The Conference insists that the Iranian nuclear drive is not an essentially Jewish or Israeli issue: "It is a potent danger to the world, to the vital interests and security of the US, and is a threat that will further destabilize the already tumultuous situation in the Middle East and provide new opportunities for Iranian intimidation and exploitation."

It further emphasizes that "there is a shared goal not only amongst all of our member organizations, the larger community, the Administration, Congress, our allies, but even some non-allies, that Iran not be allowed to secure or have the ability to produce nuclear weapons."

"At times, the sharpest criticisms came from those who expressed support for the agreement," the Conference states.

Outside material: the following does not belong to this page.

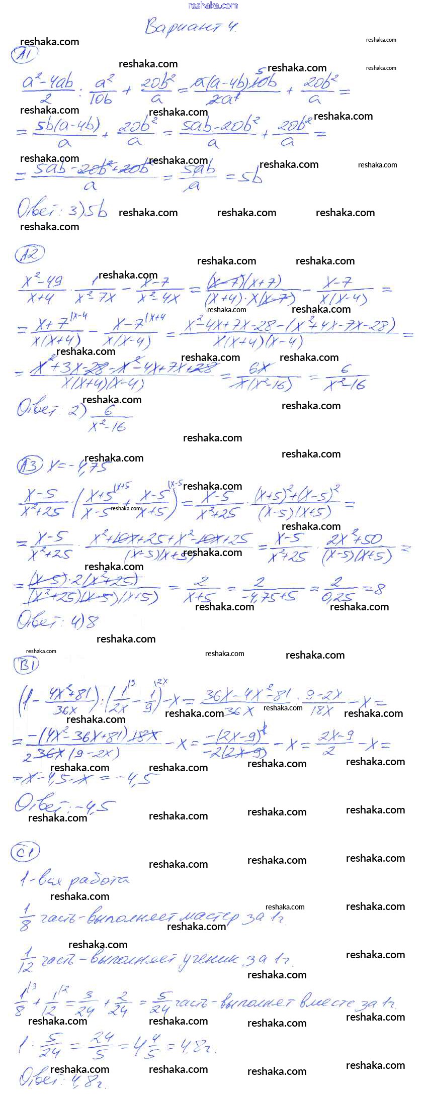 Решака - онлайн ответы Алгебра Глазков, Гаиашвили за 8 класс Самостоятельные и контрольные работы ФГОС 2012 - 4

The statement lists several signs indicating that Iran's intentions are not peaceful: "The calls for death to America still echo at Friday prayers, sometimes led by Khameini himself... The deep concern, fear and frustration we have heard directly from Arab leaders... bears witness to Iran’s efforts to infiltrate, undermine, and eliminate governments in the region, to create a Caliphate... The calls to violence, threats against the US and its allies, the calls to annihilate a member state of the UN, training exercises that involve bombing a mock-up of the USS NIMITZ, seizing a ship under American protection in international waters, providing funding and weapons to terrorists in blatant violation of UN Security Council Resolutions..."

The above "are met too often with little if any reaction," the Conference of Presidents statement avers. "It is essential that the Iranian government understand, and believe, the determination of the United States and our allies to use 'all means' to assure full Iranian compliance and cooperation... Iran must never be allowed to have nuclear weapons and the means to deliver them. The consequences of any other outcome are unthinkable."